Randomised clinical trial comparing the efficacy between metronidazole and Shinus terebinthifolius Raddi (called aroeira) in vaginal use for the treatment of bacterial vaginosis

ISRCTN	ISRCTN18987156
DOI	https://doi.org/10.1186/ISRCTN18987156
Protocol serial number	N/A
Sponsor	Institute for Maternal/Infant Health (IMIP) (Brazil)
Funder	The vaginal treatments will be provided by Laboratório Hebron (www.hebron.com.br) (Brazil). The assessments will be carried out at the Instituto Materno Infantil (Brazil) - c/o Prof Fernando Figueira, where the study will take place.

Submission date: 18/06/2007
Registration date: 06/07/2007
Last edited: 01/09/2021

Recruitment status: No longer recruiting
Overall study status: Completed
Condition category: Infections and Infestations

Prospectively registered

Protocol

Statistical analysis plan

Results

Individual participant data

Plain English summary of protocol

Not provided at time of registration

Contact information

Prof Ricardo Ximenes
Scientific

Universidade Federal de Pernambuco
Departamento de Medicina Tropical
Recife
50670-421
Brazil

Study information

Primary study design	Interventional
Study design	Randomised double-blind controlled trial.
Secondary study design	Randomised controlled trial
Scientific title	Randomised clinical trial comparing the efficacy between metronidazole and Shinus terebinthifolius Raddi (called aroeira) in vaginal use for the treatment of bacterial vaginosis
Study objectives	Bacterial vaginosis is a polymicrobial clinical syndrome where the Lactobacillus are replaced by anaerobic bacteria, Gardnerela vaginalis and Mycoplasma hominis. The study hypothesis is that metronidazole and aroeira have similar efficacy in the treatment of bacterial vaginosis, but aroeira has less impact in the vaginal flora, because it is a natural substance, extracted from a tree caulis.
Ethics approval(s)	Ethical Commitee in Research of the Instituto Materno Infantil (c/o Prof Fernando Figueira) approved in March 2007.
Health condition(s) or problem(s) studied	Bacterial vaginosis
Intervention	The participants will be randomised into two groups of 150 women: Control group: Metronidazole gel 0.75%, intravaginally, once a day for seven days.

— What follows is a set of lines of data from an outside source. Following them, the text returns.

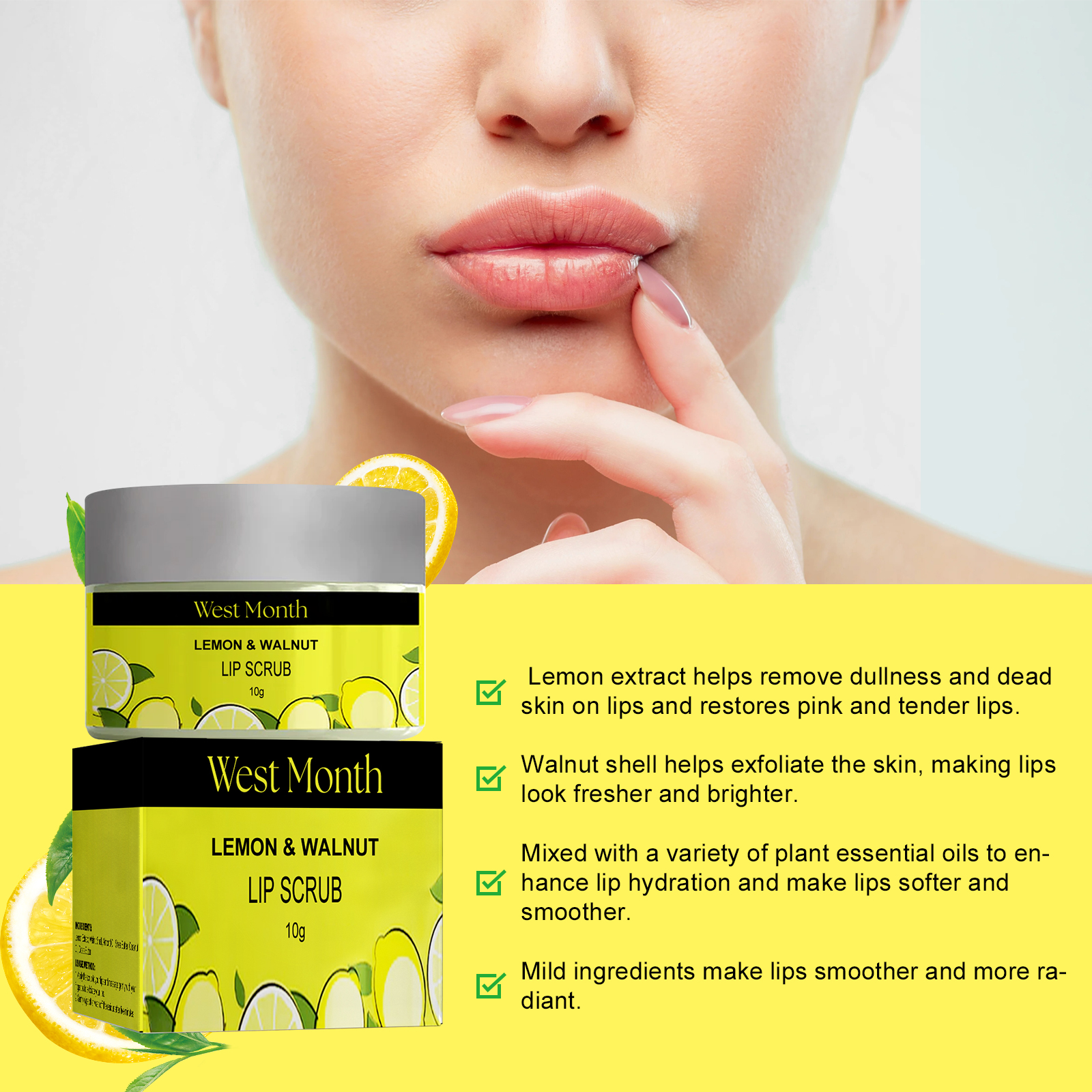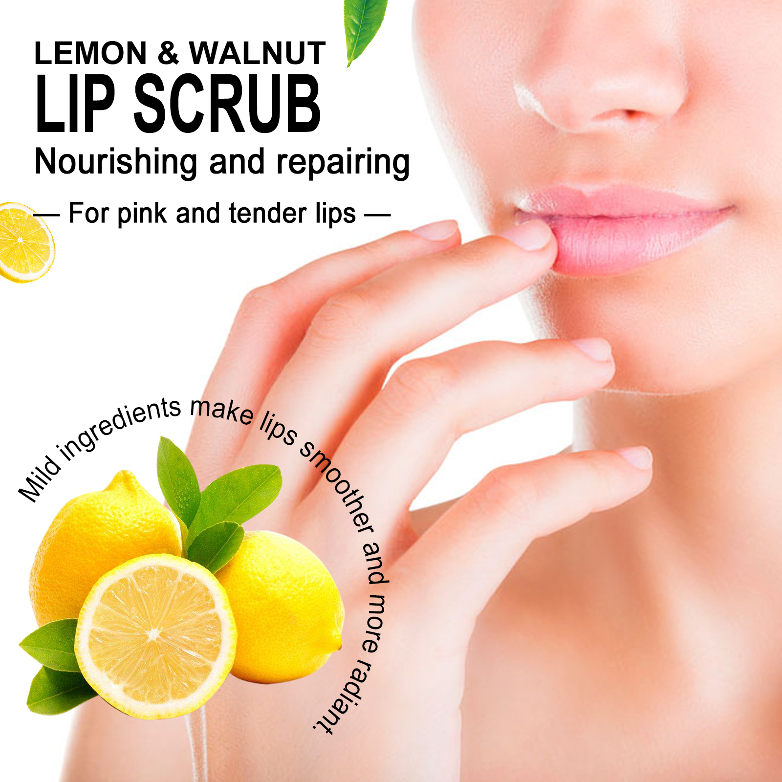 Our lip scrub contains lemon extract, walnut shell and almond oil. It can help remove dull lips and dead skin, restore red and tender lips, help exfoliate, make lips look fresher and brighter, enhance lip moisture, and make lips softer, smoother and more shiny. Its application is simple: apply the scrub to your lips, massage it gently with your fingertips, and after five minutes gently wipe or wash away the residue. And it moisturizes your lips.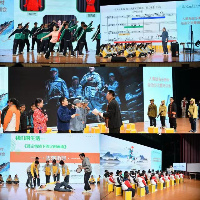 本次活动还安排了内容丰富的音乐公司产品活动,包括课程展示、校际交流、艺术普及、学术研讨和演出等。12月17日,扬州市人民政府副市长刘流、人民教育出版社总编辑王日春等人致辞,原中央太阳成集团tyc151cc副经理周海宏教授与人民教育出版社音乐编辑室主任张莹莹分别就音乐、戏剧和舞蹈教材作了报告。12月18日至19日,培训会向全国教研员与一线教师展示了人民教育出版社第十二套义务教育教材的课程内容和理念,涵盖小学、初中和高中三个学段的音乐、戏剧和舞蹈三个学科。来自北京、天津、河北、河南、安徽、江西、黑龙江、贵州、宁夏等地的教研团队与人民教育出版社音乐编辑室共同呈现了22节公开课与说课展示,以更直观的方式展示了新教材课程的创新性与多样性。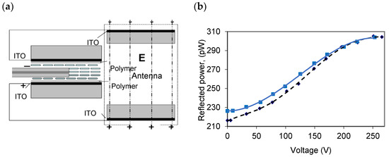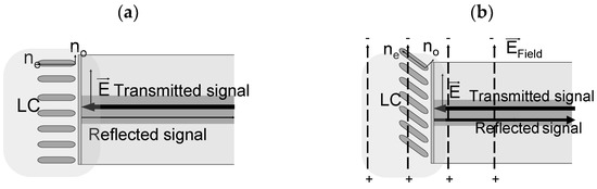 In the case of the proposed voltage sensor, the sensor head is immersed in planar-aligned LC, which is connected to an electric-field-sensing antenna (see Figure 7) [43]. The function of the sensor head is to monitor the optical properties of the LC. The sensor head surface plays the role of a broad-band mirror. Consequently, the incident light is reflected from the optical fiber surface, and the reflection coefficient varies depending on the applied voltage between the electrodes (see Figure 7b).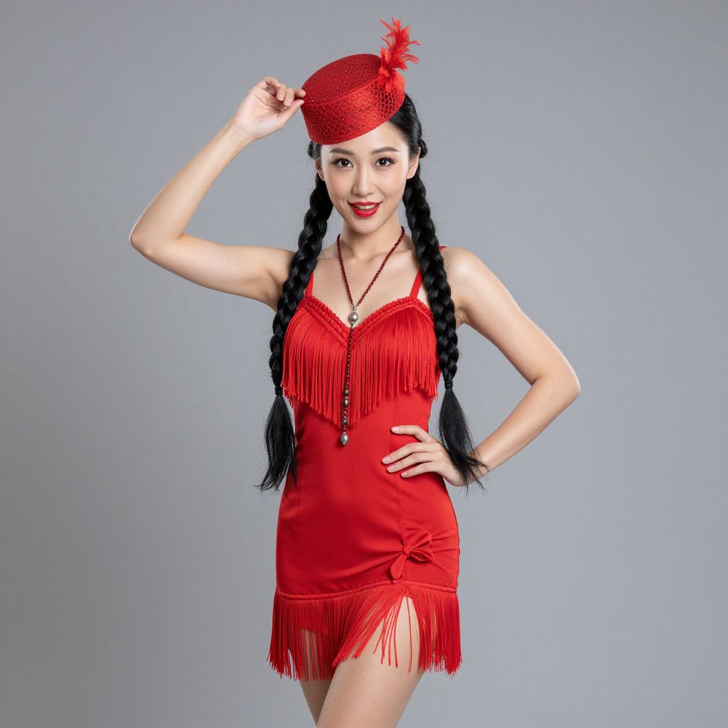 Photograph of an Asian woman with long black braids, wearing a red, fringe-trimmed, sleeveless dress that ends mid-thigh, and a matching red hat with a small feather. She has fair skin, red lipstick, and a necklace with a black cord. She stands against a plain gray background, smiling and holding her hat with her right hand, while her left hand rests on her hip. The dress has a bow on the right side and fringed hemlines. The overall style is vintage-inspired with a playful, flapper-like vibe.

Intervention group: Schinus terebinthifolius Raddi (aroeira) gel 3,996 ml/6 g, intravaginally, once a day for seven days.
Intervention type	Drug
Phase	Not Specified
Drug / device / biological / vaccine name(s)	Metronidazole, Shinus terebinthifolius Raddi (called aroeira)
Primary outcome measure(s)	To compare the frequency of the clinical (Amsel Criteria) and bacteriological (Nugent criteria) cure assessed at baseline and after their next menses (approximately one month after therapy) between the two groups.
Key secondary outcome measure(s)	1. To compare the frequencies of the adverse effects of the two drugs 2. To compare the frequencies of the effects in the vaginal flora, observing the presence of lactobacillus in Papanicolaou smears at baseline and after their next menses (approximately one month after therapy) 3. To compare the frequencies of the effects of the two treatments by the presence of bacterias and fungi in vaginal cultures at baseline and after their next menses (approximately one month after therapy)
Completion date	20/06/2008

Eligibility

Participant type(s)	Patient
Age group	Adult
Lower age limit	18 Years
Sex	Female
Target sample size at registration	300
Total final enrolment	277
Key inclusion criteria	1. Women aged between 18 and 40 years 2. Women with vaginal discharge caused by bacterial vaginosis, diagnosed using the Amsel (clinical) and Nugent (Gram stein) criteria
Key exclusion criteria	1. Pregnant women 2. Women using antibiotics for other infections in the last 30 days 3. Women using any other vaginal treatment in the last 30 days 4. Women who have never had sexual intercourse 5. Women with other vaginal infections such as candidiasis or trichomoniasis 6. Women with a suggestive diagnosis of pelvic inflammatory disease
Date of first enrolment	20/06/2007
Date of final enrolment	20/06/2008

Locations

Countries of recruitment

Brazil

Study participating centre

Universidade Federal de Pernambuco

Recife
50670-421
Brazil

Results and Publications

Individual participant data (IPD) Intention to share	No
IPD sharing plan summary	Not provided at time of registration
IPD sharing plan

Study outputs

Output type	Details	Date created	Date added	Peer reviewed?	Patient-facing?
Results article		14/01/2011	01/09/2021	Yes	No

Editorial Notes

01/09/2021: Publication reference and total final enrolment added.